Measurements made by the test
Measurement Description Measurement Unit Interpretation

Number of root blockers:

Indicates the number of root blocker processes.

Number

Usually, the number of root blocker processes should be low. If this value increases suddenly, this is a cause for concern. Likewise, if a root-blocker process has been blocking other processes for a long time, it is a reason for further investigation. The detailed diagnosis for this test, if enabled, provides details of the root blocker processes - their SPIDs, programs running these processes, and the queries being issued by these processes.

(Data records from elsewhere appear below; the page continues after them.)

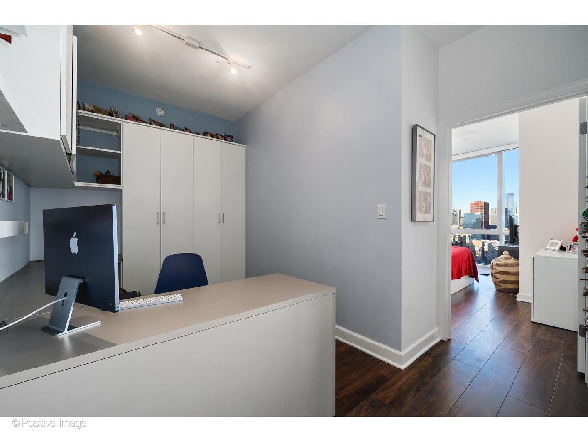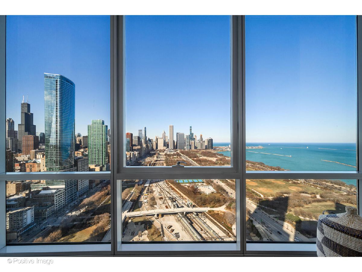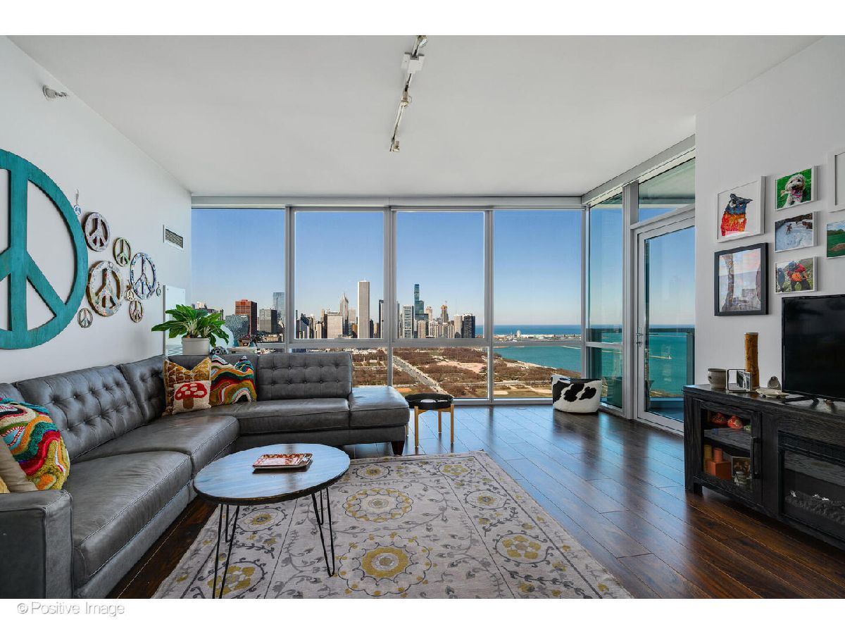 Experience luxury living in this pristine model home, where floor-to-ceiling windows frame unobstructed, outstanding views of the Chicago skyline, Lake Michigan, and Grant Park. This sophisticated 2-bedroom plus spacious den/office features a high-end kitchen with Snaidero Italian cabinetry, white quartz countertops, and a premium SubZero/Wolf/Bosch appliance package. The interior is finished with 5" wide-plank walnut flooring, a private balcony, and the convenience of in-unit laundry. The building offers world-class amenities, including a 24-hour doorman, indoor pool, fitness center, sun deck with grills, movie theater, and a children's playroom. Located steps from Michigan Avenue, Museum Campus, and Soldier Field, with effortless access to LSD and the CTA. Indoor heated parking space available for $50k.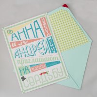 Односторонняя карточка приглашение, конверт с цветной подложкой.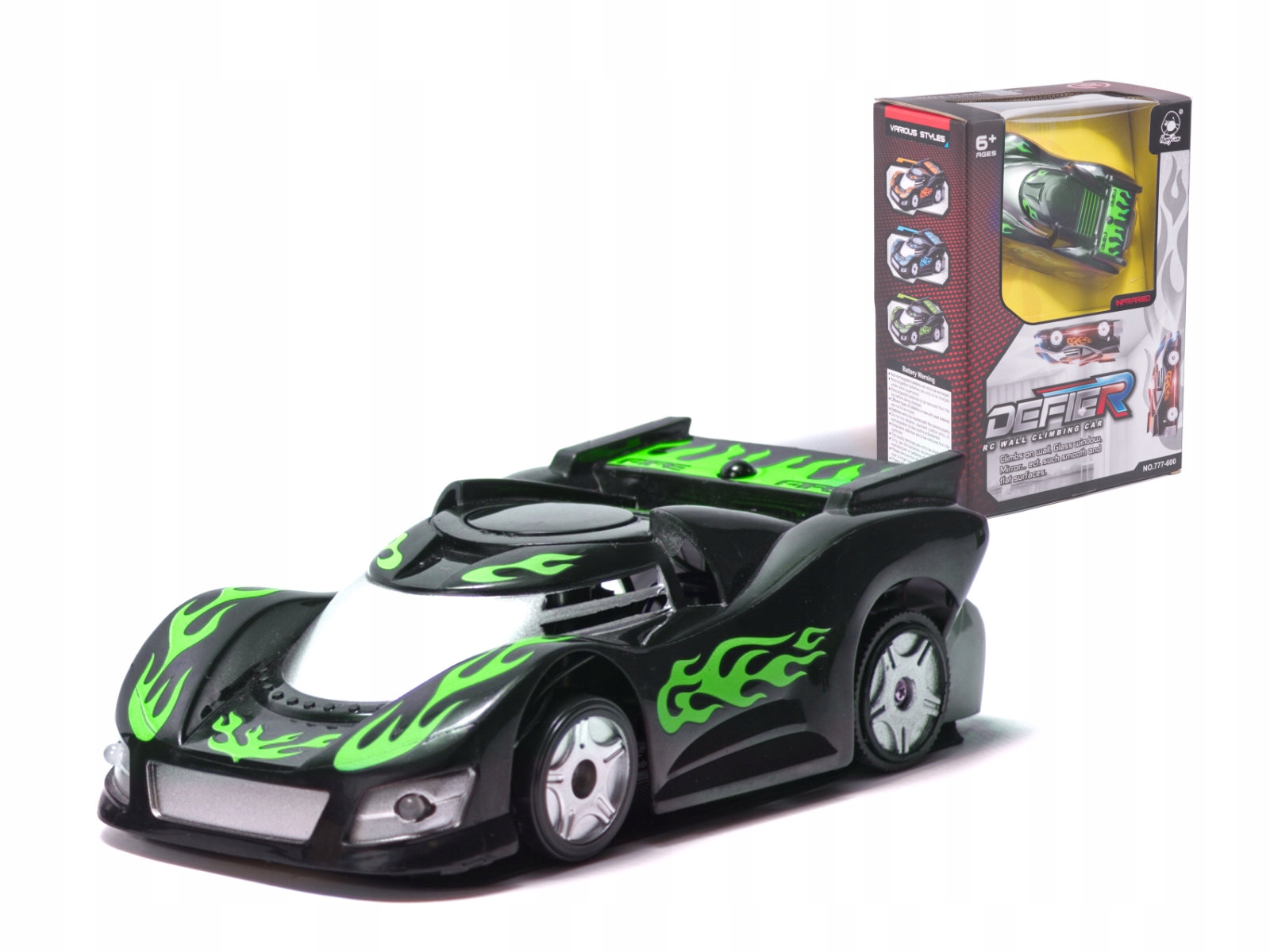 Samochód RC jeździ po ścianie suficie na pilota zielony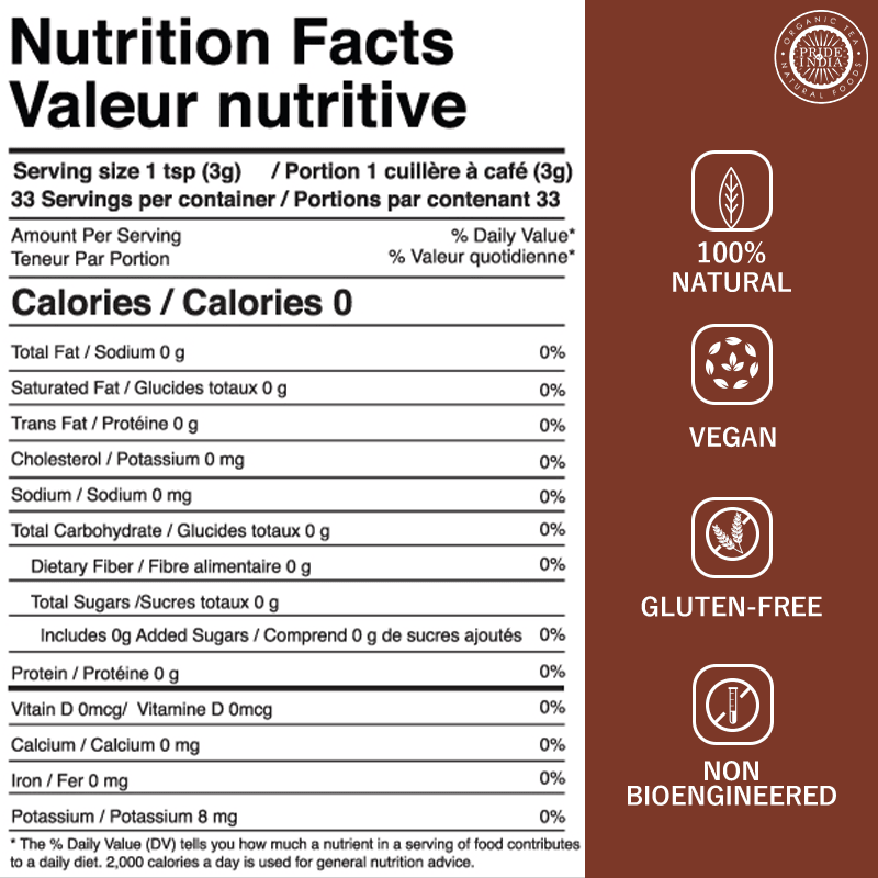 At Pride Of India, we are committed to sourcing the freshest organically grown spices from farms situated around the Indian subcontinent. Our organic and pure spices render a wonderful cooking experience and ignite taste buds while improving overall health as well as balance of the human body. Free From Baddies: Our product is gluten-free, non-bioengineered, cholesterol-free, fat-free, and is a product of India. Enjoy peace of mind knowing that you're using a safe, high-quality ingredient in your cooking.

It is usually the case that killing any root-blocker process that has been running for a long while will get the database running well again.

Blocked processes:

Indicates the number of processes that are blocked by the root blockers.

Number

Use the detailed diagnosis of this measure to know which processes are blocked.

Max waiting time:

Indicates the waiting time – i.e., blocked time – of that process(es) that was blocked for the maximum duration.

Secs

If the value of this measure matches or exceeds the max blocking time configuration of this test, it indicates that one/more processes have been blocked for a very long time. You can then use the detailed diagnosis of this measure to identify these blocked processes and figure out who initiated such processes and their resource usage. Processes that are resource hogs can thus be identified.